A healthy life is no exception. What is an abundant life without health? The Lutheran Church in Liberia is heavily invested in healthcare today as it has always been. Besides operating two major strategically located hospitals in the country, providing healthcare to a substantial part of the population, the Lutheran Church runs two nursing schools both of which, for the past three years, have come first or second in the national certification exams offered by the state. In addition, as part of that commitment to the abundant life, this church once offered an airplane ministry to grant medical personnel access to the remotest parts of the country. Although the airplane ministry ceased in the 1980s mainly due to the civil crisis, the determination to reach all peoples with this healing ministry is still a priority.

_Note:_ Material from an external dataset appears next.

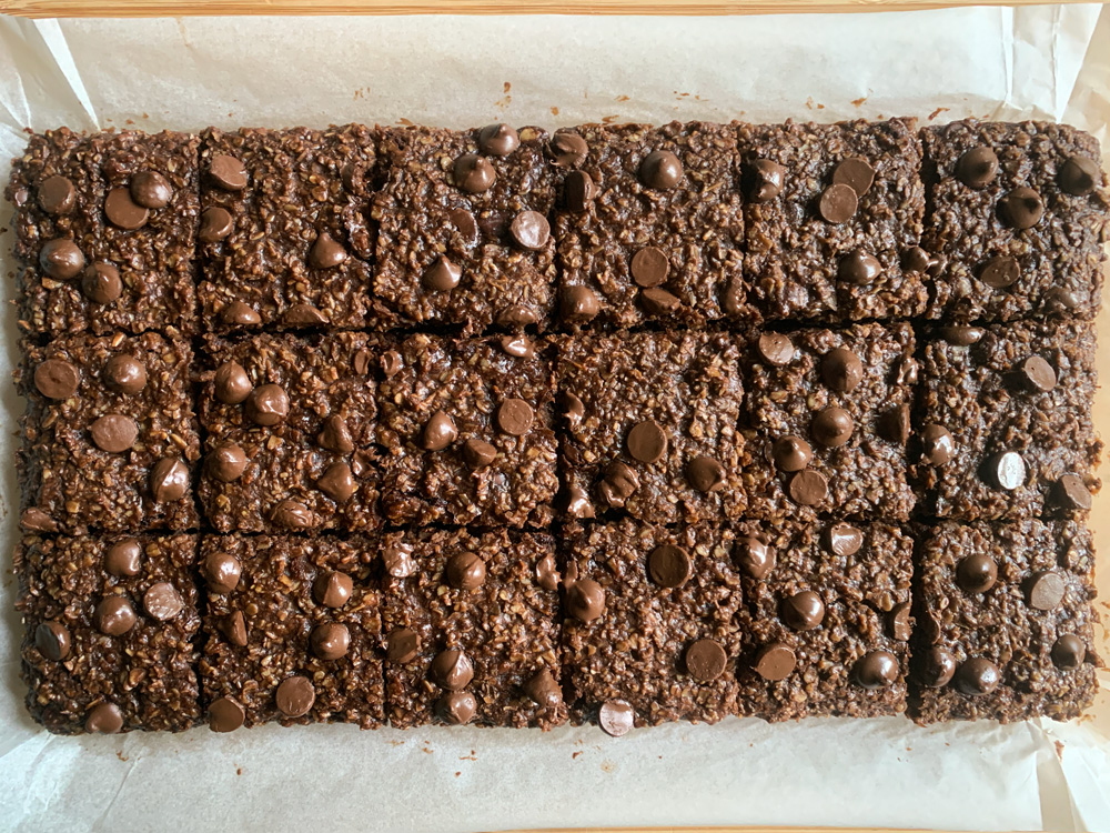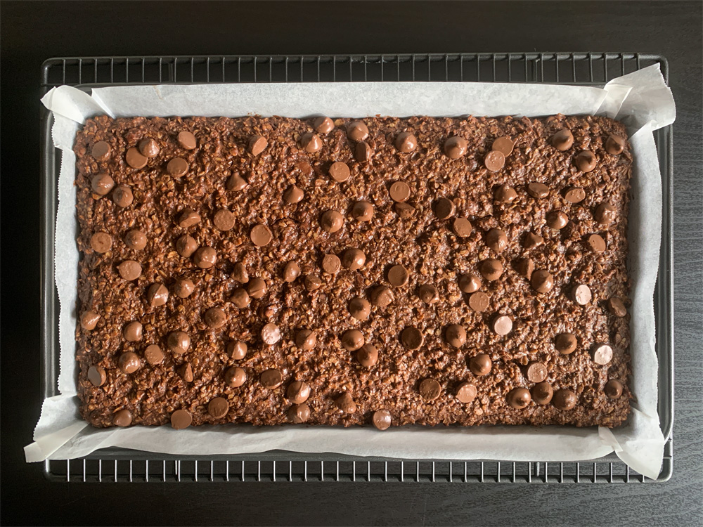 - Allow to cool in the pan until slightly firmer, then carefully transfer to a wire rack, and cool. When cooled, cut into squares.

This is evident in the number of programs the church runs that focus on the pursuit of health from various angles: the HIV/AIDS program, the Trauma Healing and Reconciliation Program, the Malaria Project, and other programs that provide or educate about healthcare.
These two emphases, namely, education and health do not negate the fact that the Lutheran Church in Liberia sees the proclamation of the Gospel of Jesus Christ as its primary calling; rather those two emphases are a vital part of how we proclaim Jesus. Preaching the Gospel without attending to the needs of the people of God would make our preaching misleading and baseless.

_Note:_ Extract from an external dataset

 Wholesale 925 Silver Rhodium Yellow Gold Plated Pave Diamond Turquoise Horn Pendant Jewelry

This is the reason why the Lutheran Church in Liberia built the first nursing school in the Republic of Liberia. It is why we continue to invest substantially in the training of men and women for the healing ministry. As indicated above, the nursing schools run by the Lutheran Church in Liberia are among the best in the entire country. The men and women trained at these institutions are equipped to serve the entire nation whether in private or government health facilities.
The advent of Ebola in 2014 and now the spread of the COVID-19 virus have posed some of the greatest challenges to this aspect of our mission. These two viruses threatened our determination to help make the abundant life attainable by all.
Ebola entered Liberia in March of 2014, two years into my bishopric. It came at a time when we were excited about the prospect of chairing our first Biennial Convention. Meeting all of the leaders of the church in one place and relating to them in my capacity as their leader was an experience I looked forward to with all of my being! We had done almost all the preliminary activities except for the Executive Council meeting and the Partners in Mission meeting. These are two prerequisites to the hosting of the Biennial Convention.
The news of Ebola entering the country came in the form of speculations. People were dying in an abnormal way. Death is a natural phenomenon of life, of course, but it is more so in Liberia than it is in many places I know of in the world. Death news is common. There is hardly a week that goes by without receiving death news of some kind. Such news is usually not necessarily about one you may know personally; it is often about the friend or relative of someone you know.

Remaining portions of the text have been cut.